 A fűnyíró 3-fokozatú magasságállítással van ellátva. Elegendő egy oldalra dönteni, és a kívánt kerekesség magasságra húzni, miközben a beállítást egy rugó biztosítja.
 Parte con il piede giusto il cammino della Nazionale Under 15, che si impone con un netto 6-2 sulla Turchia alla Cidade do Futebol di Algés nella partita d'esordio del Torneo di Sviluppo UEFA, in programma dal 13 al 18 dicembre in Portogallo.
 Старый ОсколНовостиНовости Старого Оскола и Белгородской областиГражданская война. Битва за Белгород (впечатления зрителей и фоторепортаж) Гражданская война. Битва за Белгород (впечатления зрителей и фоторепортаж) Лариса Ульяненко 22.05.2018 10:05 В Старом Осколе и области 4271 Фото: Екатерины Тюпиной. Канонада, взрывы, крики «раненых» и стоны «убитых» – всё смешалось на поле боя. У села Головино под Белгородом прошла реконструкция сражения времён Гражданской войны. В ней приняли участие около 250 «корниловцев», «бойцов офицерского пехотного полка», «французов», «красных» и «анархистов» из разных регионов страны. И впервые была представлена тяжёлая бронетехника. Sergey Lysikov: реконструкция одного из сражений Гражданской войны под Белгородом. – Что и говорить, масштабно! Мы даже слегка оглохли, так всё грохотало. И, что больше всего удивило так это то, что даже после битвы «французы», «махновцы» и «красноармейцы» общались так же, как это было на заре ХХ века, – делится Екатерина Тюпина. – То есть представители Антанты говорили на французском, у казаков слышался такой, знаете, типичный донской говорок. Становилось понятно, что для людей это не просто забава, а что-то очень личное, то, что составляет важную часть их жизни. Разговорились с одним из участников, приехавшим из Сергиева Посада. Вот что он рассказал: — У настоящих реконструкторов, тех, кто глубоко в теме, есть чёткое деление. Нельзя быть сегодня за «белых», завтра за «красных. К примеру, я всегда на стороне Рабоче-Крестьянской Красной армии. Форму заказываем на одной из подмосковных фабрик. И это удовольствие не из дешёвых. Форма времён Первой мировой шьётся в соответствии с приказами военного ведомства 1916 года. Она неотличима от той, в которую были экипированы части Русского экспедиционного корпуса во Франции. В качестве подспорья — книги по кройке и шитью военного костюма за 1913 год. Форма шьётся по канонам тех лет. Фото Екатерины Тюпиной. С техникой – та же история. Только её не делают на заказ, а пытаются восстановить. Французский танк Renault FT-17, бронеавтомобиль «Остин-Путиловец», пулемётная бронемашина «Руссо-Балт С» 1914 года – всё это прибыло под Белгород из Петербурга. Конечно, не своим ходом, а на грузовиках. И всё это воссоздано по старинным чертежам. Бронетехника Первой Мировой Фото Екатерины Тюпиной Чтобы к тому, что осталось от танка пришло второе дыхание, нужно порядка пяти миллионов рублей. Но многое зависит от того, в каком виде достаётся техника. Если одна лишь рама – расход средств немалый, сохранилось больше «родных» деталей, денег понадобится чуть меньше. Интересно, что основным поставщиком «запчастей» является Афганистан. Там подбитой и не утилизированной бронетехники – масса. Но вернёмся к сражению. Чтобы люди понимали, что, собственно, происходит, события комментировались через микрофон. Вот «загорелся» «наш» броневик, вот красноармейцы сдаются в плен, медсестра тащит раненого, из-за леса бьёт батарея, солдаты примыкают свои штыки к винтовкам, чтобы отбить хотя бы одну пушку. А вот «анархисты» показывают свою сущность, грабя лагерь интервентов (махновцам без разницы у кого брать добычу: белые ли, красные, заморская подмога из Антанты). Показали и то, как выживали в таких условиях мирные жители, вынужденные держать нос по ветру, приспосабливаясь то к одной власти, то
•••••
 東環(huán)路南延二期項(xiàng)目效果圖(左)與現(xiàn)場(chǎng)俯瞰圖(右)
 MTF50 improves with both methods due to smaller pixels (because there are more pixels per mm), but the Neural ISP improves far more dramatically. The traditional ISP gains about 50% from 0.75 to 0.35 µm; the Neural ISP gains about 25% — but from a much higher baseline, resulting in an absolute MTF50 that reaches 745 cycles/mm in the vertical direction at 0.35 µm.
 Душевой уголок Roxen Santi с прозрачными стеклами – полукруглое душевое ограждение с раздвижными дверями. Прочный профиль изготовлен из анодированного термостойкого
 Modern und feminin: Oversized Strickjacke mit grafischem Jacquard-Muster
•••••
**TASK ITEM:** Please give back exactly the lines of this listing beginning at the line with "MTF50 improves with" and ending with the line with "Modern und feminin: Oversized", both included, and nothing else.

**ANSWER TO THIS EXERCISE:**
 MTF50 improves with both methods due to smaller pixels (because there are more pixels per mm), but the Neural ISP improves far more dramatically. The traditional ISP gains about 50% from 0.75 to 0.35 µm; the Neural ISP gains about 25% — but from a much higher baseline, resulting in an absolute MTF50 that reaches 745 cycles/mm in the vertical direction at 0.35 µm.
 Душевой уголок Roxen Santi с прозрачными стеклами – полукруглое душевое ограждение с раздвижными дверями. Прочный профиль изготовлен из анодированного термостойкого
 Modern und feminin: Oversized Strickjacke mit grafischem Jacquard-Muster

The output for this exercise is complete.